Hi Dan
On 20/11/13 15:54, Daniel Kulp wrote:
On Nov 19, 2013, at 10:20 PM, Jason Wang <[email protected]> wrote:
Hi all,
I would like to limit the frequencies our APIs can be called. Given that
they will be public APIs.
The limit will most likely be done on IP addresses.
Is there existing mechanism in CXF for this? Otherwise I will create my own
interceptor to do it.
Currently, no. I had some similar discussions about this with some folks last
week related more about throttling per endpoint instead of per IP. However,
many of the thoughts are the same. Kind of came up with this list of thoughts
to think about:
1) What should happen if more than the needed requests come in? Should they be
queued and processed later? Should a fault be thrown? Should some number be
queued and then a fault thrown beyond that? Lots of possible config options
here.
May be we can ship a couple of basic interceptors which would return 503
if the rate exceeds.

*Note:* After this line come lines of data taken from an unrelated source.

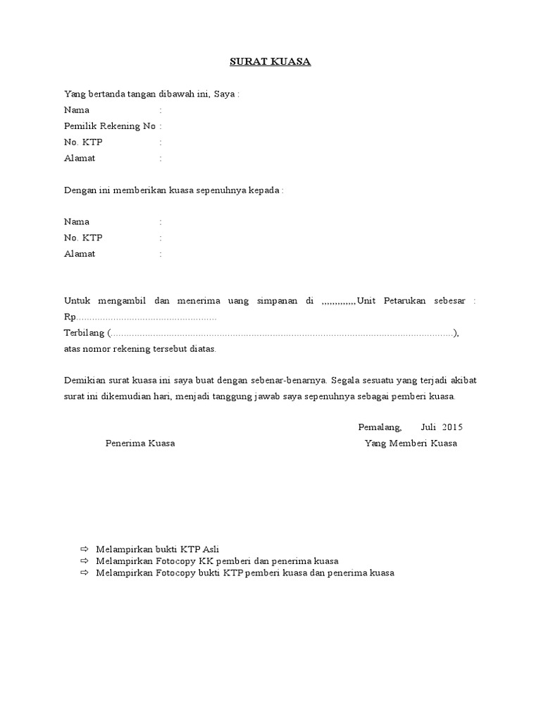 Contoh surat kuasa pengambilan uang doc. Yang akan kita bahas pada kesempatan kali ini adalah mengenai contoh surat kuasa pengambilan uang di banksekadar mengingatkan para pembaca sekalian bahwa surat kuasa adalah surat yang dibuat dengan tujuan untuk memberikan suatu kuasa atau wewenang kepada pihak tertentu guna. Sehingga setiap instansi yang mengeluarkan surat resmi baik itu untuk kedinasan kuasa mauapun surat lainnya yang memiliki kop surat yang berlabelkan dari instansi. Surat kuasa ini dibuat karena seseorang yang berkepentingan sedang berhalangan sehingga tidak dapat melakukannya sendiri maka menyuruh orang lain dengan memberikan surat kuasa ini. Dengan membaca artikel ini kamu akan bisa membuat surat kuasamu sendiri untuk berbagai keperluan. Seperti saat seseorang ingin mengambil uang di bank karena pengambilan uang di bank harus orang yang mempunyai rekening maka orang lain tidak bisa mengambilnya. Misalnya surat kuasa untuk perwakilan pengambilan ijazah pengambilan uang gaji pengambilan paspor pengambilan dokumen dokumen penting dan lain lain.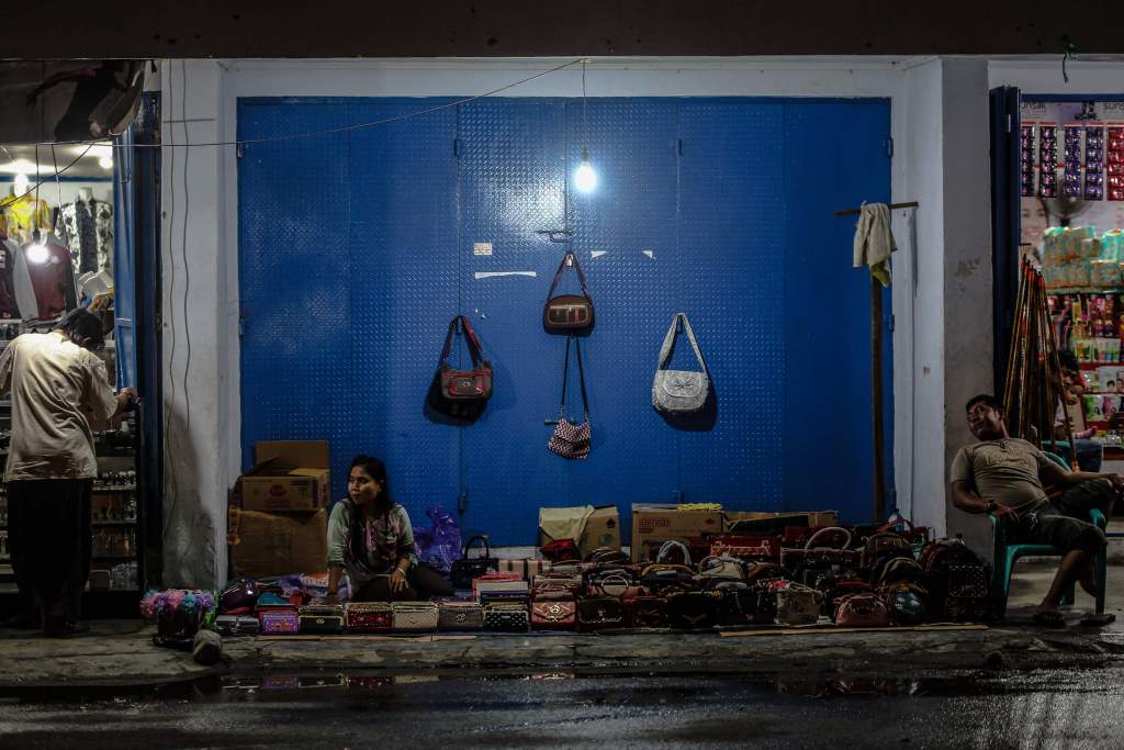 Pedagang tas tangan membuka lapak di depan sebuah toko kelontong dalam kompleks pertokoan Poso yang tutup diwaktu malam. Pedagang semacam ini banyak ditemui diseantero kota dan mereka memanfaatkan berbagai macam ruang untuk menjajakan dagangannya. Selain teras toko seperti ini, adapula yang berjualan diatas mobil bak terbuka. Kompleks pertokoan Poso sendiri masih menjadi titik penting aktifitas perdagangan di kota ini. Dan sudah seperti itu sejak lama. Namun peta ini kemungkinan akan berubah. Dipindahkannya pasar rakyat yang semula berada tepat di depan kompleks pertokoan ini ke wilayah selatan, kemudian kehadiran Mall Poso City di wilayah barat kemungkinan besar akan merangsang kehadiran pusat-pusat pedagangan baru di wilayah tersebut.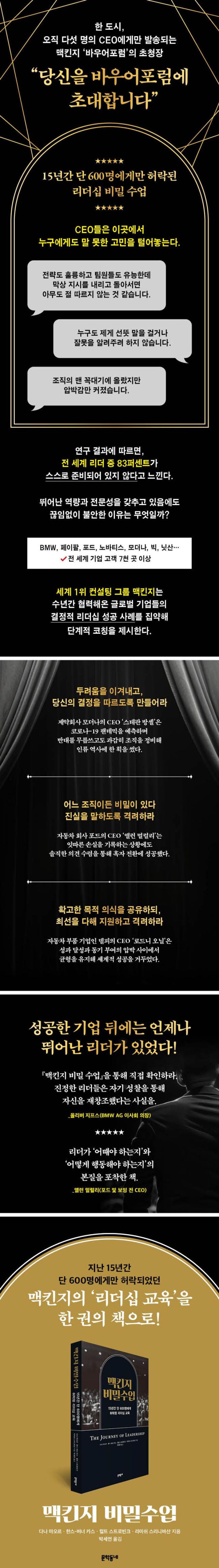 ¡º¸ÆÅ²Áö ºñ¹Ð ¼ö¾÷¡»Àº ÀÌ ³»·Î¶óÇÏ´Â CEOµéÀÌ Åоî³õÀº °í¹Î, ÀÌ¿¡ ´ëÇÑ °ø°¨°ú ºÐ¼®, ³ª¾Æ°¡ ¸ÆÅ²ÁöÀÇ ÄÚÄ¡µéÀÌ Á¦¾ÈÇÏ´Â ÇØ°áÀÇ ½Ç¸¶¸®¸¦ ¼Ò°³Çϰí ÀÖ´Ù. µö·¯´× ±â¼ú Ȱ¿ëÀ¸·Î Äڷγª Àü¿°º´ÀÇ ½É°¢¼ºÀ» ¿¹ÃøÇϰí Á¶Á÷ Àüü°¡ »õ·Î¿î ¹é½Å »ý»ê¿¡ ¶Ù¾îµéµµ·Ï °áÁ¤ÇÑ ¸ð´õ³ª, µ¿±â ºÎ¿© °úÁ¦¿Í ¼º°ú ´Þ¼º ¾Ð¹ÚÀ̶ó´Â °úÁ¦ »çÀÌ¿¡¼ ½É¸®Àû ±ÕÇüÀ» À¯ÁöÇÏ¸ç ¼¼°èÀû ÀÚµ¿Â÷ ºê·£µå·Î ¹ßµ¸¿òÇÑ µ¨ÇÇ, ±â¾÷ÀÌ °è¼ÓÇØ¼ ¼Õ½ÇÀ» ±â·ÏÇÏ´Â »óȲ¿¡µµ °³¹æÀûÀÌ°í ¼ÖÁ÷ÇÑ ÀÇ°ß ¼ö·ÅÀ» ÅëÇØ ÈæÀÚ Àüȯ¿¡ ¼º°øÇÑ Æ÷µåÀÇ »ç·Ê µî ¸ÆÅ²Áö ÆÄÆ®³Ê ¹× ¸®´õ½Ê Àü¹® ÄÚÄ¡¿Í ±Û·Î¹ú ´ë±â¾÷ CEO µéÀÇ Ç³ºÎÇÑ °æÇè°ú ±â¾÷ ¿î¿µ »ç·Ê·Î °¡µæÇÏ´Ù. ³ª¾Æ°¡ ÀÌ·ÐÀ̳ª Àü·«ÀÇ ¿øÄ¢À» ¹àÈ÷´Â µ¥ ¸Ó¹«¸£Áö ¾Ê°í ±¸Ã¼ÀûÀΠüũ¸®½ºÆ®¸¦ Á¦°øÇϸç, ¸ÆÅ²ÁöÀÇ ÄÚÄ¡µéÀÌ Á¦½ÃÇÏ´Â ¾à 100°¡ÁöÀÇ ¼¼ºÎÀûÀÎ Á¢±Ù ¹æ½Ä ¶ÇÇÑ ´ã¾Ò´Ù.

One pair of interceptors would go to the core and
would simply check how many concurrent requests are under way, another
pair will go to the http module and it will rate the individual client
IP addresses, the ideas you suggested below can further be explored to
support more advanced options
Thanks, Sergey
2) If you want to do this at an endpoint level via an executor, the CXF schemas
do have an “executor” element for the jaxws:endpoint element that can be used
to set a specific executor. There are a couple of “Executor” things that can
provide limits that may be able to plug right in here. That said, I’d
discourage this. When using an executor, when a request comes in on a Jetty
(or other transport thread), we have to place the request on the executor and
then block the transport thread until the request finishes. Thus, it ties up
two threads and jetty cannot process more while it’s waiting. That said,
there is definitely a possible enhancement here. If using a transport that
supports the CXF continuations, we COULD start a continuation prior to flipping
to the executor. Something to think about a bit more.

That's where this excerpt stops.